Stastny P, Ball E J, Khan M A, Olsen N J, Pincus T, Gao X
Br J Rheumatol. 1988;27 Suppl 2:132-8. doi: 10.1093/rheumatology/xxvii.suppl_2.132.
In a new series of RA patients the association with HLA-DR4 was again found to be highly significant. Also increased were the DR4 associated antigens DRw53 and DQw3. Hybridization of a DQ-beta probe to Bg1 II-digested DNA showed that a variant of DQw3, characterized by a 4.3 kb fragment and related to the serological specificity TA10, was markedly increased among DR4 positive RA patients. HLA-DR1 was also increased in RA and appeared to be independent of the increase of DR4. Although the DR1 association was weaker, it was observed in both patients with and without RF. In contrast, DR4 was found to be increased significantly only in the RF positive group of patients, as previously observed. Development of RA in multiple-case families was found to be linked to the inheritance of DR4 positive haplotypes. The possible role of risk factors associated with polymorphic markers of the T-cell receptor genes was investigated. An allelic marker associated with one of the variable gene subfamilies of the beta-chain was found to be associated with RA. The results suggest that susceptibility for development of RA is influenced by alleles of the T-cell receptor in conjunction with the class II HLA factors with which the T-cell receptor interacts in the course of the immune response.

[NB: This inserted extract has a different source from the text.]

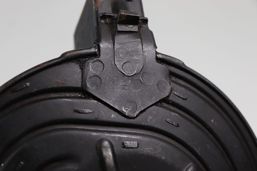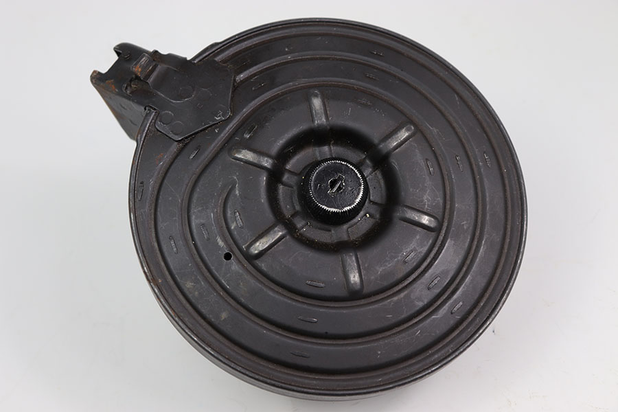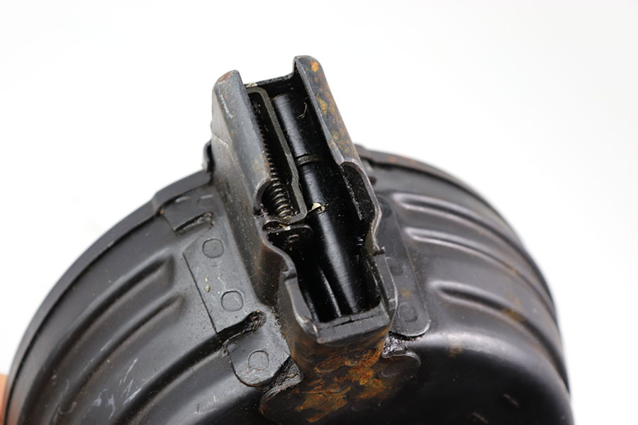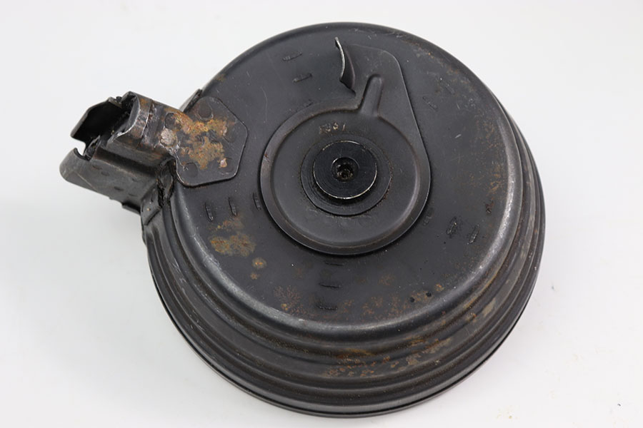 9/17/24 – This is an original Russian or Romanian 75 round drum magazine for an AK-47. These drum magazines are high quality compared to some of the aftermarket drum magazines available on the internet. Marked on the front side with, “E937.” Some typical patina and signs of aging.

在一组新的类风湿关节炎(RA)患者中,再次发现与HLA - DR4的关联具有高度显著性。与DR4相关的抗原DRw53和DQw3也有所增加。用DQ - β探针与Bg1 II酶切的DNA进行杂交显示,在DR4阳性的RA患者中,一种以4.3 kb片段为特征且与血清学特异性TA10相关的DQw3变体显著增加。HLA - DR1在RA患者中也有所增加,且似乎与DR4的增加无关。尽管DR1的关联性较弱,但在有和没有类风湿因子(RF)的患者中均有观察到。相比之下,正如之前所观察到的,DR4仅在RF阳性的患者组中显著增加。在多病例家庭中,RA的发病被发现与DR4阳性单倍型的遗传有关。研究了与T细胞受体基因多态性标记相关的危险因素的可能作用。发现与β链可变基因亚家族之一相关的一个等位基因标记与RA有关。结果表明,RA发病的易感性受T细胞受体等位基因以及在免疫反应过程中与T细胞受体相互作用的II类HLA因子的影响。